The opioid crisis touches all sectors of America’s patient population — especially underserved patients like agricultural workers in rural areas. In Washington and Idaho, six rural health clinics representing over 20 sites are working to ensure their policies, workflow, and clinical visits are aligned and implemented to address the crisis that has swept the nation.
The Fall 2016 Migrant Clinician's Network newsletter, "streamline", features an interview with MacColl Director Dr. Michael Parchman speaking about the Team-Based Opioid Management Project.
The project approaches the problem in part through guided self-assessments and shared learning opportunities in which enrolled clinics receive support for implementing the Six Building Blocks for Safe, Team-based Opioid Prescribing in Primary Care.
Six Building Blocks
- Leadership and consensus: Build organization-wide consensus to prioritize safe, more selective, and more cautious opioid prescribing.
- Use a registry to proactively manage patients: Implement pro-active population management before, during, and between clinic visits of all chronic opioid therapy patients to ensure that care is safe and appropriate and to measure results of chronic opioid therapy improvement activities.

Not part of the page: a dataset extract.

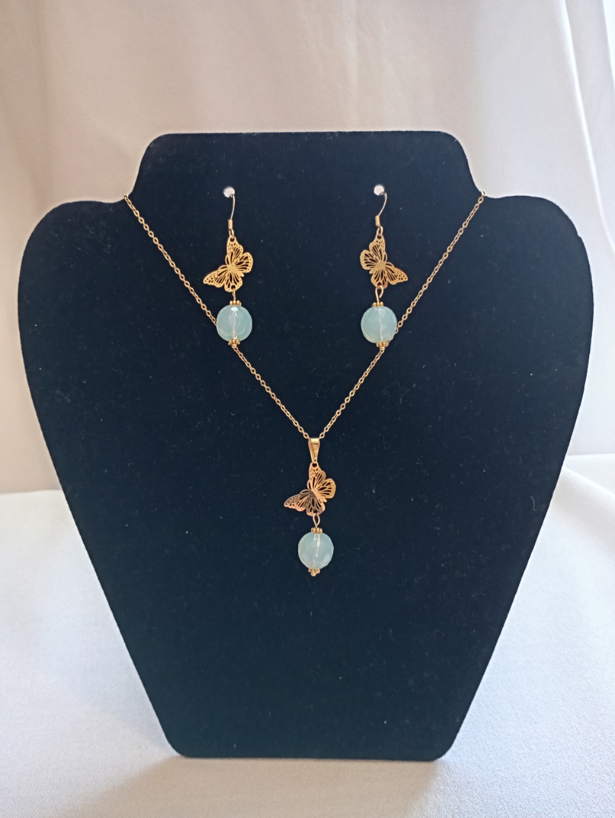 CrissyAtelier Set Opal si fluturas placat cu aur 18K

- Revise policies and standard work: Revise and implement clinic policies and define standard work for health care team members to achieve safer opioid prescribing and chronic opioid therapy management in each clinical contact with chronic opioid therapy patients.
- Planned, patient-centered visits: Through planned visits, conduct proactive population management before, during, and between clinic visits of all patients on chronic opioid therapy to ensure that care is safe and appropriate. Support patient centered, empathic communication for chronic opioid therapy patient care.
- Caring for complex patients: Develop policies and resources to ensure that patients who become addicted to opioids, or who develop complex opioid dependence, are identified and provided with appropriate care, either in the care setting or by outside referral.
- Measuring success: Continuously monitor progress and improve with experience.